Making Appalachian Spring
Gr 2—6—If Martha Graham's choreography for "Appalachian Spring" was a "valentine" to the world, as critics wrote in 1944, then this book is a love letter in return. Simple, poetic prose tells the story of the creation of one of the world's most-loved ballets and compositions, and Floca's graceful watercolor illustrations take admirers through every part of its development. Written in the present tense, the narrative has a sense of drama that carries readers along as if the events were happening in real time. Fascinating details about the collaboration among Graham, Copland, and Isamu Noguchi (set design) are well documented in the lengthy "curtain call," notes, and resources pages, which read like a fantastic set of liner notes. Floca varies the illustrations from vignettes to bird's-eye views to landscapes and expertly capture the fluid movements of the dancers. The page layouts are well planned to create the most movement and interest. The authors researched extensively but found a way to crystallize all of the information into a gem that is approachable for young readers. More than anything, this work emphasizes the value of collaboration and celebrates the work that Graham, Copland, and Noguchi did to bring together the performing and visual arts. Readers may be inspired to go to Russell Freedman's Martha Graham: A Dancer's Life (Clarion, 1998) and should be encouraged to check out one of Leonard Bernstein's definitive recordings of "Appalachian Spring" and a video of the ballet.—Cheri Dobbs, Detroit Country Day Middle School, Beverly Hills, MI
After choreographer Martha Graham asked composer Aaron Copland and sculptor/set designer Isamu Noguchi to collaborate with her on a new ballet, the iconic Appalachian Spring was born. Using spare, concise sentences, the authors echo Graham's approach to dance: nothing's wasted, and in such exactness lies beauty. Floca's fluid, energetic line and watercolor illustrations also reflect the plain boldness of Graham's choreography. Websites. Bib.

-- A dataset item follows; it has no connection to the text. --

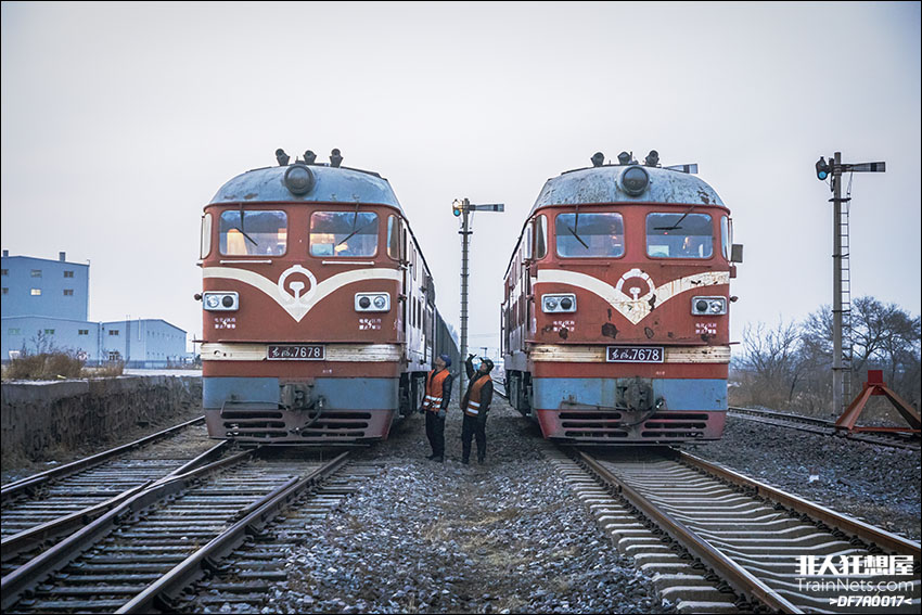 2026年2月25日。辽宁朝阳北票北保铁路,两台DF4-7678(右侧DF4-7774改)并排停在老式臂板信号机下。

A behind-the-scenes look at the artists’ processes as they work in their respective fields of dance, music, and design. As Jan Greenberg and Sandra Jordan provide background about Martha Graham’s style of dancing, they also introduce readers to the story of Appalachian Spring. Brian Floca’s expressive watercolor illustrations bring the artists’ work and the performance of the ballet to life. Biographical information included in the back matter explains the three artists’ different experiences of being U.S. citizens. It seems especially fitting that they came together to produce the celebrated ballet that Graham intended as “a legend of American living.”